» TASK REQUIREMENTS: An exact copy of all the entries is what is needed here.

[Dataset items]
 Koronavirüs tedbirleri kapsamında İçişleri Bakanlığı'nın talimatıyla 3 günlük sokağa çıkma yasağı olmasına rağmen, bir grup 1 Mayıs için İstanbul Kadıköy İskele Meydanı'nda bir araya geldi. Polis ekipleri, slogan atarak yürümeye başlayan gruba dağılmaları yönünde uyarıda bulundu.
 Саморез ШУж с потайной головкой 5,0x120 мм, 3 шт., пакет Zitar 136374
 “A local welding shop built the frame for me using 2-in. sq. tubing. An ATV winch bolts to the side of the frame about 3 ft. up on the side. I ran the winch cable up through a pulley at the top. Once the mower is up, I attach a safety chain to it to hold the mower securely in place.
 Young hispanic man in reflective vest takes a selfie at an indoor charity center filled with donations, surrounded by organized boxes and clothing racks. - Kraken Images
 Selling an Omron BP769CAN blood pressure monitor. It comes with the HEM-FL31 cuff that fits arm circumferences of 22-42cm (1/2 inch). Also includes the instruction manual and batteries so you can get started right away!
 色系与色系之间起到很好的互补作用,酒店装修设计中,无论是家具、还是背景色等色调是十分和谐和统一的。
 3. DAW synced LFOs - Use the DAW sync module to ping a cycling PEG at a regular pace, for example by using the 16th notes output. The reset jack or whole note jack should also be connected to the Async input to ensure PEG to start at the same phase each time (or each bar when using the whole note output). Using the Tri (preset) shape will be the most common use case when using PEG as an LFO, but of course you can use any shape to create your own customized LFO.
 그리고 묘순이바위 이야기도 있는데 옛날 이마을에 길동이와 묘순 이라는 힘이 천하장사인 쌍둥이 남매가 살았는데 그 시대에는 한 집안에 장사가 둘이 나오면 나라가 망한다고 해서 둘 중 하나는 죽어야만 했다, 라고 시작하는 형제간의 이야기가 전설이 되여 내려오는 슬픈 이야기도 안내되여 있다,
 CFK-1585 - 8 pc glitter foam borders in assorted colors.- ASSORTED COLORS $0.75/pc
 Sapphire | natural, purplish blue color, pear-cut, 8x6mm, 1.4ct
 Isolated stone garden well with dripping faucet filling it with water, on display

» RESPONSE AREA:
 Koronavirüs tedbirleri kapsamında İçişleri Bakanlığı'nın talimatıyla 3 günlük sokağa çıkma yasağı olmasına rağmen, bir grup 1 Mayıs için İstanbul Kadıköy İskele Meydanı'nda bir araya geldi. Polis ekipleri, slogan atarak yürümeye başlayan gruba dağılmaları yönünde uyarıda bulundu.
 Саморез ШУж с потайной головкой 5,0x120 мм, 3 шт., пакет Zitar 136374
 “A local welding shop built the frame for me using 2-in. sq. tubing. An ATV winch bolts to the side of the frame about 3 ft. up on the side. I ran the winch cable up through a pulley at the top. Once the mower is up, I attach a safety chain to it to hold the mower securely in place.
 Young hispanic man in reflective vest takes a selfie at an indoor charity center filled with donations, surrounded by organized boxes and clothing racks. - Kraken Images
 Selling an Omron BP769CAN blood pressure monitor. It comes with the HEM-FL31 cuff that fits arm circumferences of 22-42cm (1/2 inch). Also includes the instruction manual and batteries so you can get started right away!
 色系与色系之间起到很好的互补作用,酒店装修设计中,无论是家具、还是背景色等色调是十分和谐和统一的。
 3. DAW synced LFOs - Use the DAW sync module to ping a cycling PEG at a regular pace, for example by using the 16th notes output. The reset jack or whole note jack should also be connected to the Async input to ensure PEG to start at the same phase each time (or each bar when using the whole note output). Using the Tri (preset) shape will be the most common use case when using PEG as an LFO, but of course you can use any shape to create your own customized LFO.
 그리고 묘순이바위 이야기도 있는데 옛날 이마을에 길동이와 묘순 이라는 힘이 천하장사인 쌍둥이 남매가 살았는데 그 시대에는 한 집안에 장사가 둘이 나오면 나라가 망한다고 해서 둘 중 하나는 죽어야만 했다, 라고 시작하는 형제간의 이야기가 전설이 되여 내려오는 슬픈 이야기도 안내되여 있다,
 CFK-1585 - 8 pc glitter foam borders in assorted colors.- ASSORTED COLORS $0.75/pc
 Sapphire | natural, purplish blue color, pear-cut, 8x6mm, 1.4ct
 Isolated stone garden well with dripping faucet filling it with water, on display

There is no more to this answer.